The financially embattled Glen Annie Golf Course in northwest Goleta unveiled an ambitious development plan Wednesday evening, in the hopes that a successful project will both benefit the community and bail the golf course’s owner out from under a $15 million debt.

“We tried to have something for everyone,” said consultant and developer John Dewey, representing ValleyCrest Companies, owner of the golf course at 405 Glen Annie Road.

The project, called Glen Annie Fields, includes 175 homes and four soccer fields surrounding an executive-size 18-hole golf course. The housing would include roughly nine multifamily units of about 10 units each and 18 two-story townhomes — “affordable by design” units — aimed at middle-income workers.
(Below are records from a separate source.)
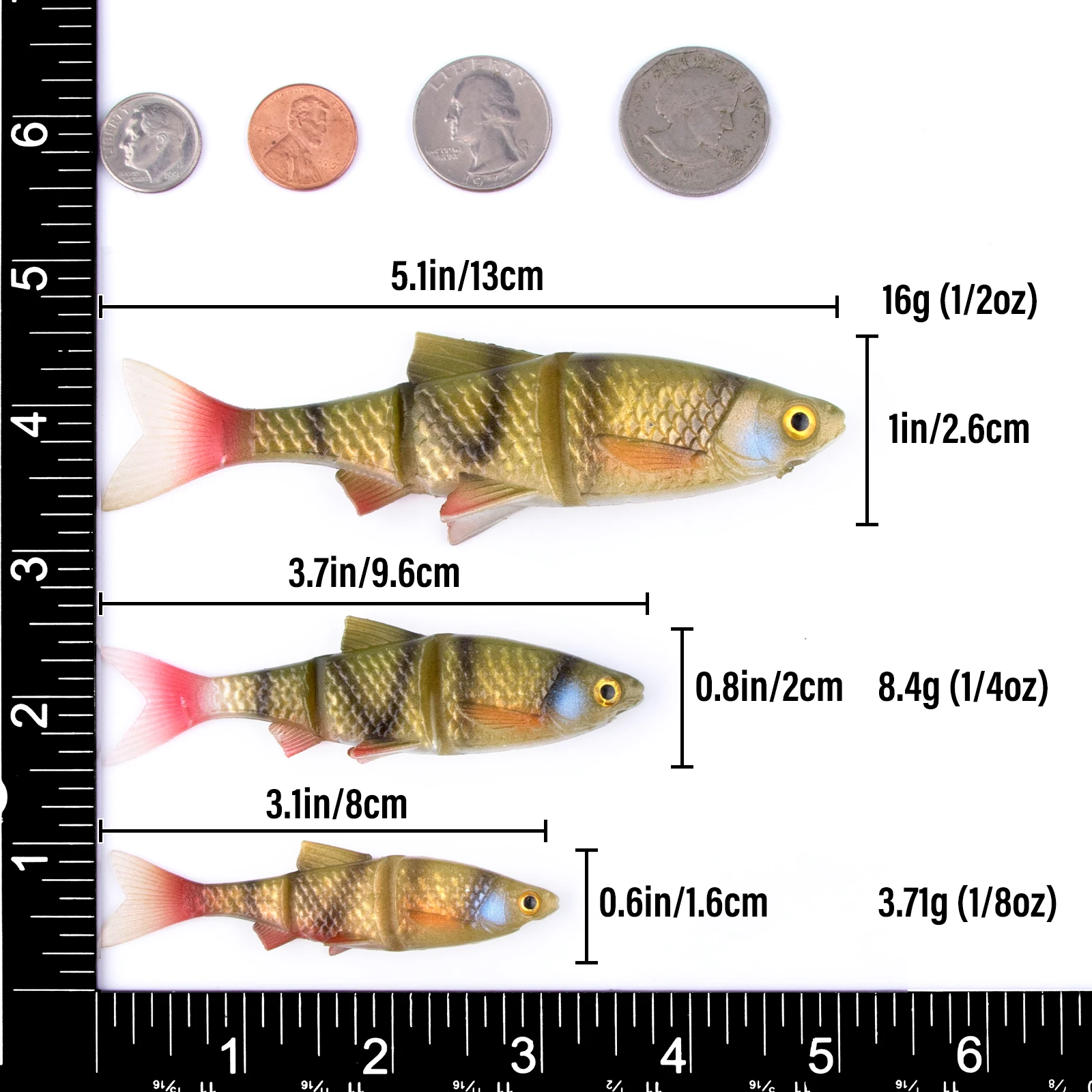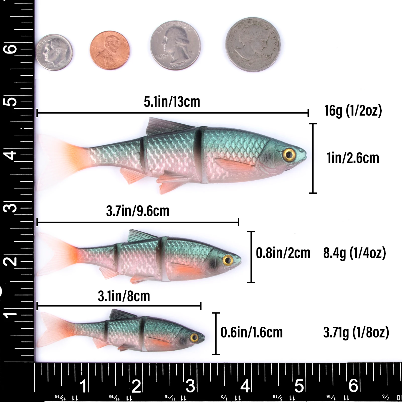 ESPECIFICACIONES DEL PRODUCTO: Tres especificaciones para elegir: 2PCS TAMAÑO GRANDE, 3PCS TAMAÑO MEDIO, 4PCS TAMAÑO PEQUEÑO Swimbaits de plástico blando. Hay tres colores disponibles para que elijas. Longitudes: 5,12 pulgadas/13 cm (grande), 3,78 pulgadas/9,6 cm (medio), 3,15 pulgadas/8 cm (pequeño).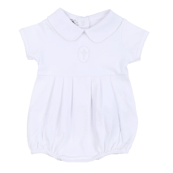 Blessed White Embroidered Collared Sht Sleeve Boy Bubble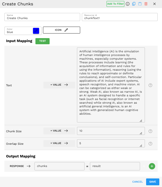 The Chunk Text component divides large text content into smaller, manageable chunks based on token count. This component is essential for processing large documents in Retrieval Augmented Generation (RAG) systems by breaking them down into pieces that can be effectively embedded and retrieved from vector databases. By specifying chunk size and overlap parameters, users can optimize how their text is divided while maintaining context continuity between segments.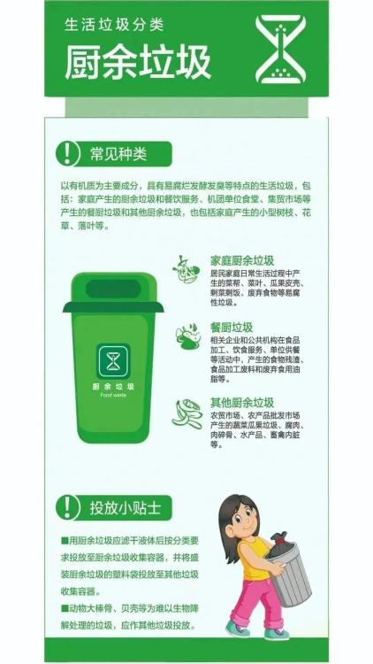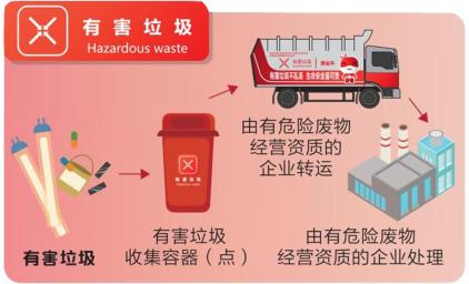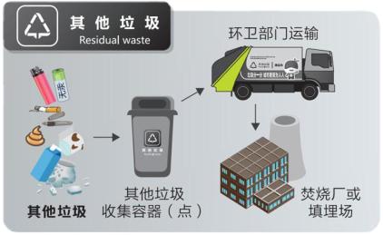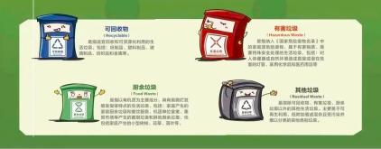 在日常生活中,您可以根据标志正确地放置厨余垃圾、可回收垃圾、有害垃圾和其它垃圾。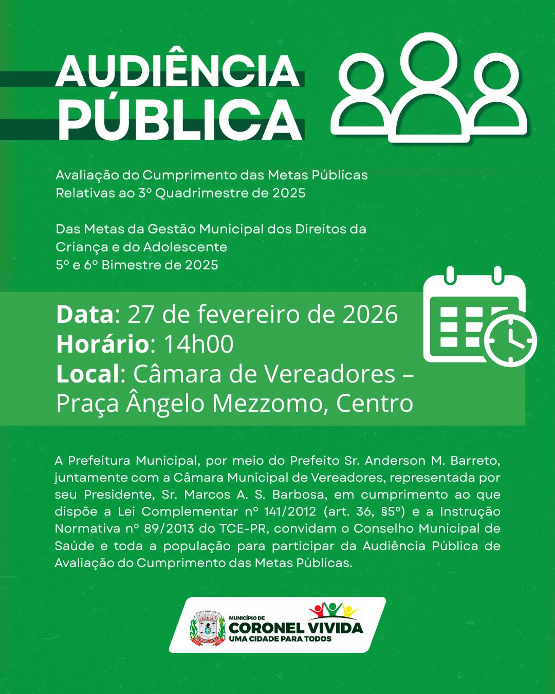 Na próxima sexta-feira, 27 de fevereiro, na Câmara Municipal de Vereadores, a partir das 14h, haverá audiência pública para tratar do cumprimento das metas da gestão municipal.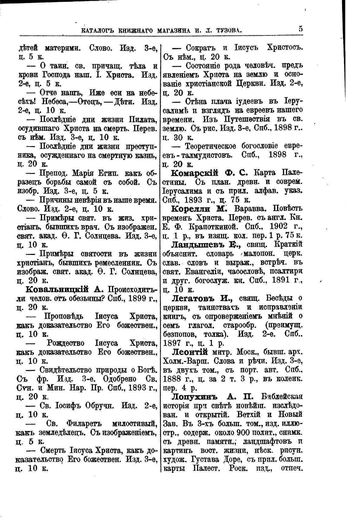 КАТАЛОГЬ КНИЖНАГО МАГАЗИНА И. Л. ТУЗОВА.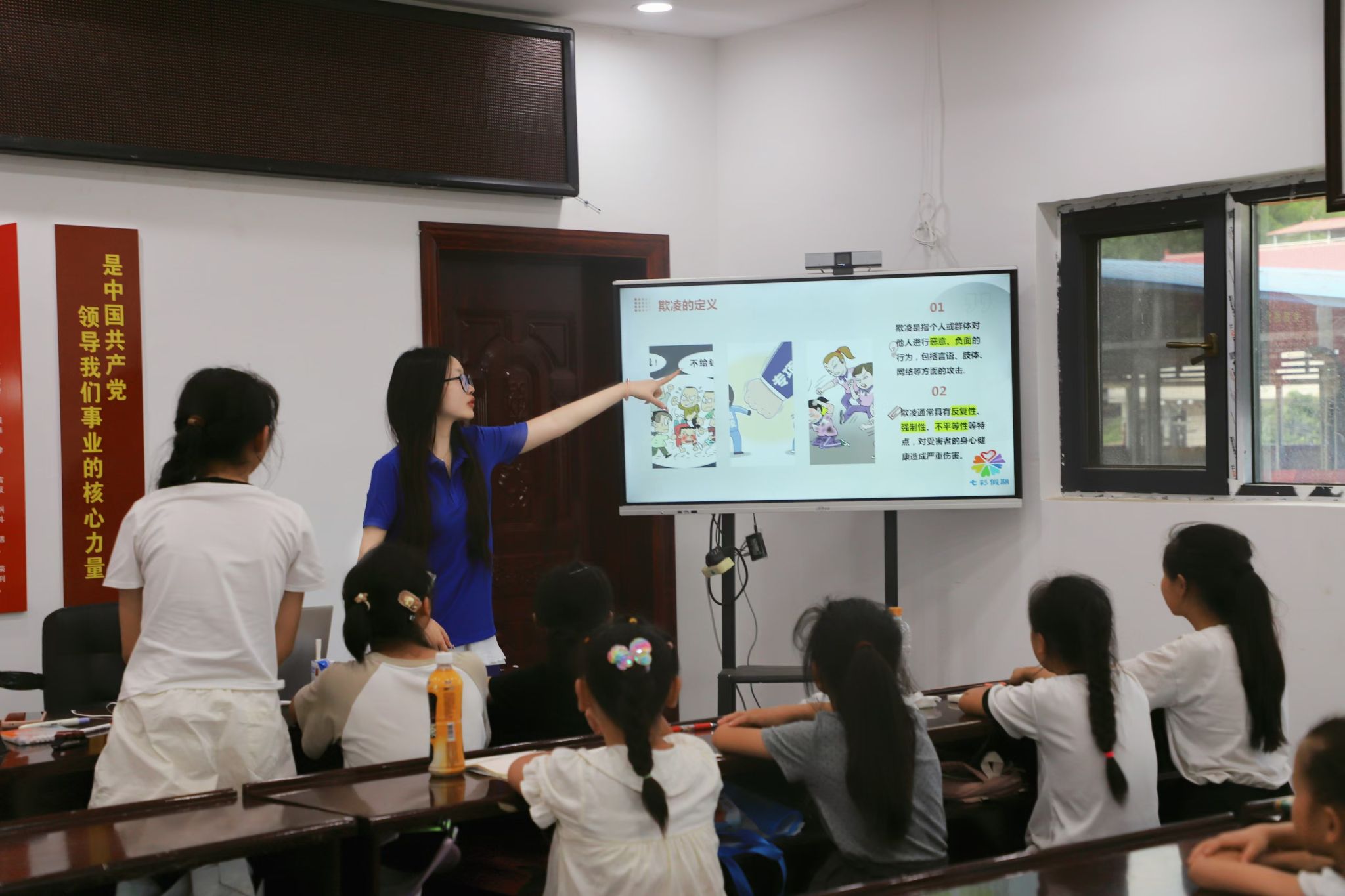 同衿志愿队以留守儿童心理健康与弱势群体关怀为重点,开展了防溺水、防性侵等特色课程与团体心理辅导活动并调研儿童与老人的生活情况,建立弱势群体关爱服务机制;会青春志愿服务队从“情”——人才培养现状、“清”——三资管理情况、“晴”——产业实际发展程度三个方面开展调研,以青春“红”助力乡村“绿”;语翼飞翔志愿服务队围绕“保护女童权益,关爱儿童成长”在当地开展防性侵、防溺水、爱国主义教育及非遗课程,让孩子们在进行理论学习的同时增强对非遗文化的认同感。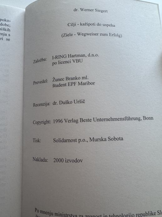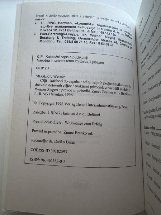 Prodam knjigo Cilji – kažipoti do uspeha (Werner Siegert).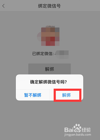 点进去后进入【绑定微旌旗灯号】本家儿页,在该本家儿页下有一个【解绑】按钮,点击【解绑】按钮,如图所示!

Trailing around and through a 3,200-yard golf course would be 67 single-family homes. The southeast corner of the golf course would be used for four soccer fields. Two new roads from Cathedral Oaks Road to the south would create access to the homes. The establishment’s Frog Bar & Grill would continue to operate.

It’s a plan Dewey thinks might be attractive enough for consideration by the Goleta City Council. Unlike other properties in the area, the golf course is already developed, he said, and the soccer fields could provide venues for the local sports community.

Only 16 percent of the total 161-acre property would undergo modification, said Dewey, and previously designated sensitive habitats would be left alone. The owner is said to be in conversation with the adjacent Shelby Land Trust property owners to expand the golf course, the homes, or both, into their land.

The key for Dewey and his team will be to get Goleta to re-designate a portion of the golf course’s land use to planned residential, no small feat since Glen Annie Golf Course is just outside the city’s boundaries and would have to be annexed to Goleta first. Under the county, the property is designated agricultural.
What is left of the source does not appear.